A couple NaNoWriMo's ago I sat down and started writing something with only the following thoughts at the start:
What if a woman turning 40 - divorced, no kids, no family besides her cat - dead-end job that sucks the life out of her daily - having a slight midlife crisis - who has always loved crime/heist/police procedural books and shows ... decided to see if she could pull off a crime herself? And what if she did it, and it worked out? What if she liked it and left everything about her old life behind?
So that was all I started with. It was NaNoWriMo, so there was no pausing to think or time for editing, just mad fits of writing as much as I could. I decided early on that I felt like this should be a series of books, that I wanted her to become some kind of female Robin Hood, and maybe after a couple of books I'd give her a love interest, maybe. Then, with Me Too in the news constantly, she morphed in my head from Robin Hood to vigilante - she branched out from hacking banks to hacking abusive corporate scum (combining blackmail and hacking to drain them of every penny AND send them to jail).

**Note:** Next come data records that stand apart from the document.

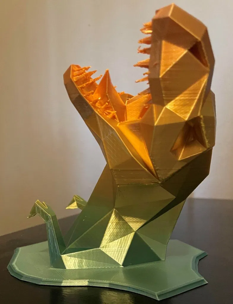 Mô hình T-Rex low-poly độc đáo được ghép từ các bộ phận, in trên bảng trang trí. Thích hợp cho máy Creality Ender 3 Pro, sử dụng PLA cầu vồng và supports. Tải file STL về và bắt đầu in ngay!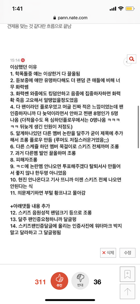 +) 이시간 되니까 어그로들 슬슬 기어나와서 지웠다 어그로뿐만 아니라 하루동안 톡선에 있었으니까 볼사람은 충분히 다 봤고 우리가 전달할 내용은 전달된거 같아서 지웠어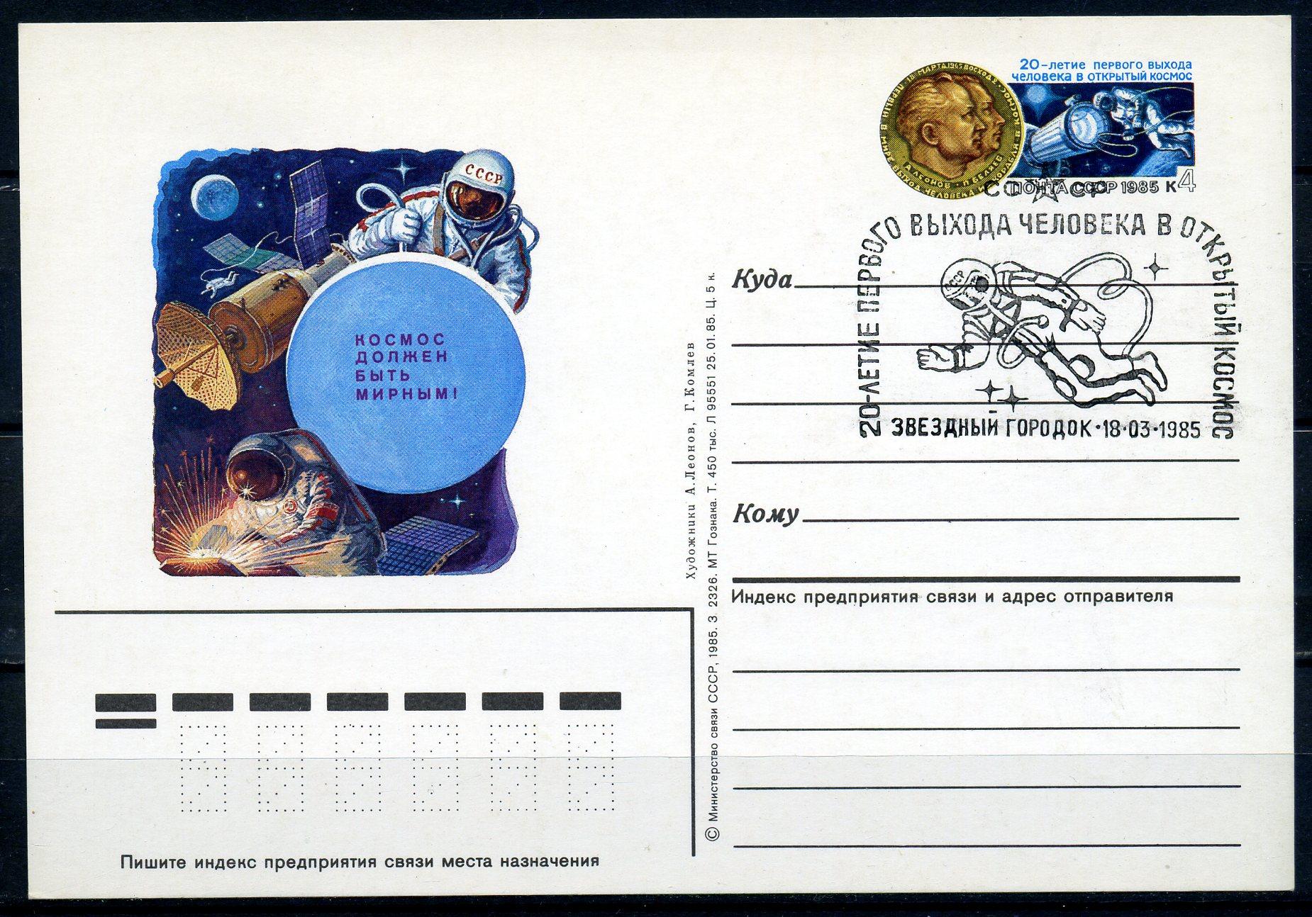 Почтовая карточка с ОМ и СГ. СССР 1985 г. 20-летие первого выхода человека в открытый космос.

Everything was going fine, and then she went and met a guy, fell in love, and had a baby (all in the first book!). And I know I should be all "women can do it all and have it all" - I am absolutely a feminist and every woman should make any life choice she wants. But I was really annoyed she did that. I was like, "No, you can't do that yet. This is not who you are right now. You're Robin Hood, remember? Or maybe The Equalizer. You are Wonder Woman. You are Xenia Warrior Princess, for Chirist's sake! What are you doing?!? You don't need a man, you don't have time for a kid - you're saving the world, stop being all normal and shit. I am trying to write a kick ass post-feminist-Me-Too-era-heroine and you're practically turning this into a romance novel!" Not to throw shade on romance novels. Between reading way too much Austen, Kierkegaard, Turgenev, and the Analects of Confucius as a teenager, even I was slightly addicted to Danielle Steel back in the day. But that wasn't, and isn't, what I was going for.
So, the first book of the intended series wrapped itself up nicely, and the second started writing itself with me still pissed off and vaguely resentful. I have since stopped working on the second and spent probably a year TRYING to rewrite the first book, but my MC flatly refuses. Everything I rewrite feels contrived, awkward, and bland - despite the fact I'm trying to remove the 'normalcy' from her life and put her in more extreme circumstances. She went someplace she wasn't supposed to, but the story, and the writing, are a thousand times better than my attempts at reworking it. Why has she done this to me, and what do I do with her? Do I shelve her? Do I publish her? Do I keep going and see where she goes before I decide? All I know for sure is that rewriting this is ruining it.
What do you do when your characters go completely rogue?
Do you silence them ... or do you just shut up and follow them???????
I have the sinking feeling that I need to let go of my intentions and just let her do her thing. Or maybe I'm just ready for the padded cell and the Thorazine, I've been expecting them for years now.